Within the listing below, give again exactly the lines between the one containing "6 painel perfurado" and the one containing "Transformer tank wall", inclusive, pictures left aside.
++++ Data section ++++
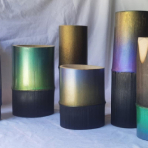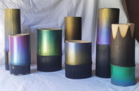 设计理念:正反向双口竹节花道瓶,是一款以火为加工要素,遵循少即是多的极简设计原则及禅意美学的竹文创产品。利用竹节作为分隔和承托物,一物两用,一举两得,根据心境或作品主题需要,来选择任意一端作为容器摆放花卉作品。
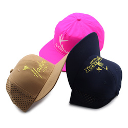 6 painel perfurado Baseball Hat com Laser corte buracos frontal Silicone impressão logotipo
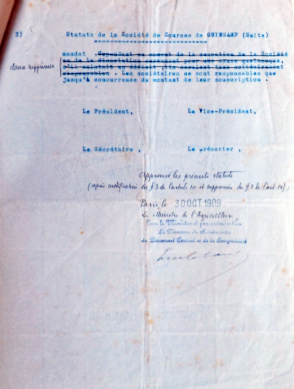 Société des courses de Guingamp, statuts de 1909, page 3Immatriculation
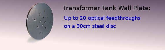 Transformer tank wall mounting plate for Neoptix optical feedthroughs along with the JBox2 enclosure option.
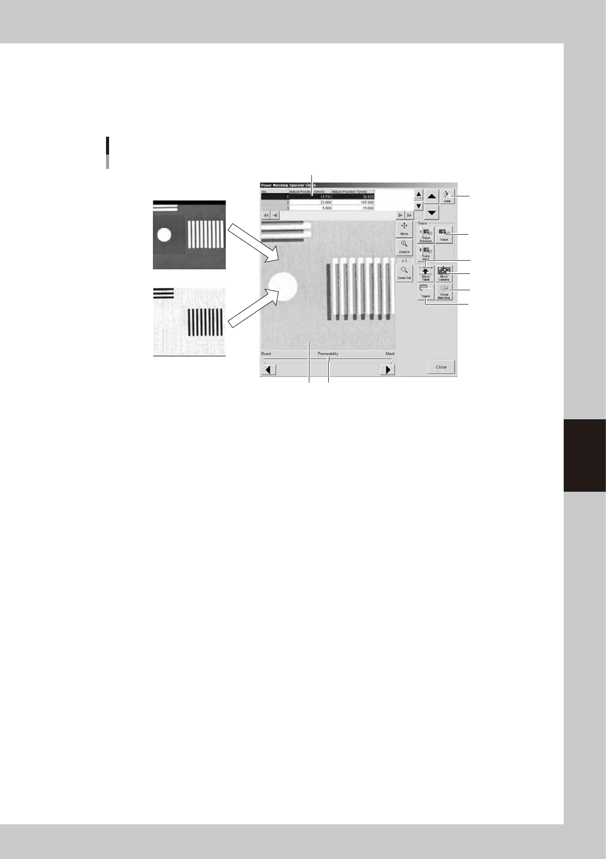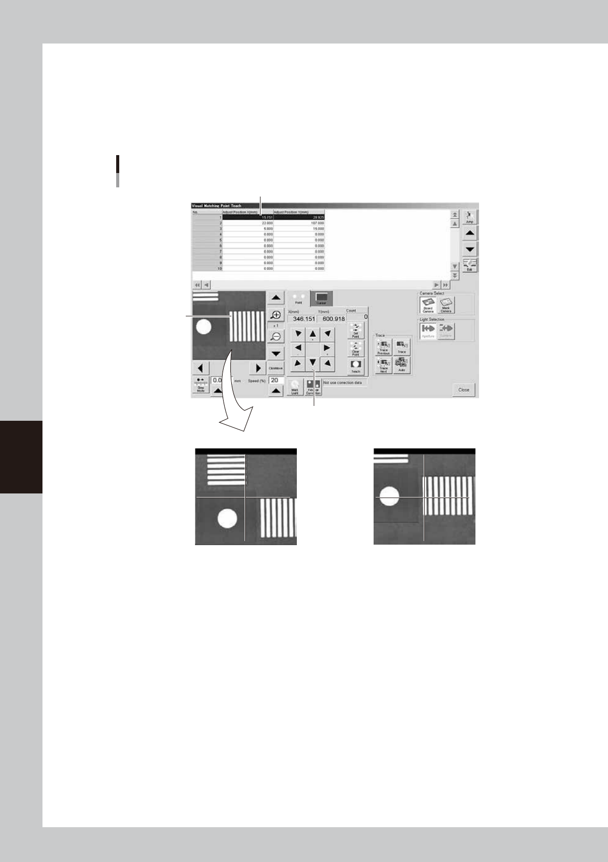 Pressing the [Trace] button displays an image of the currently selected alignment coordinates. Pressing the [Trace
++++
### Result of the exercise
 6 painel perfurado Baseball Hat com Laser corte buracos frontal Silicone impressão logotipo
 Société des courses de Guingamp, statuts de 1909, page 3Immatriculation
 Transformer tank wall mounting plate for Neoptix optical feedthroughs along with the JBox2 enclosure option.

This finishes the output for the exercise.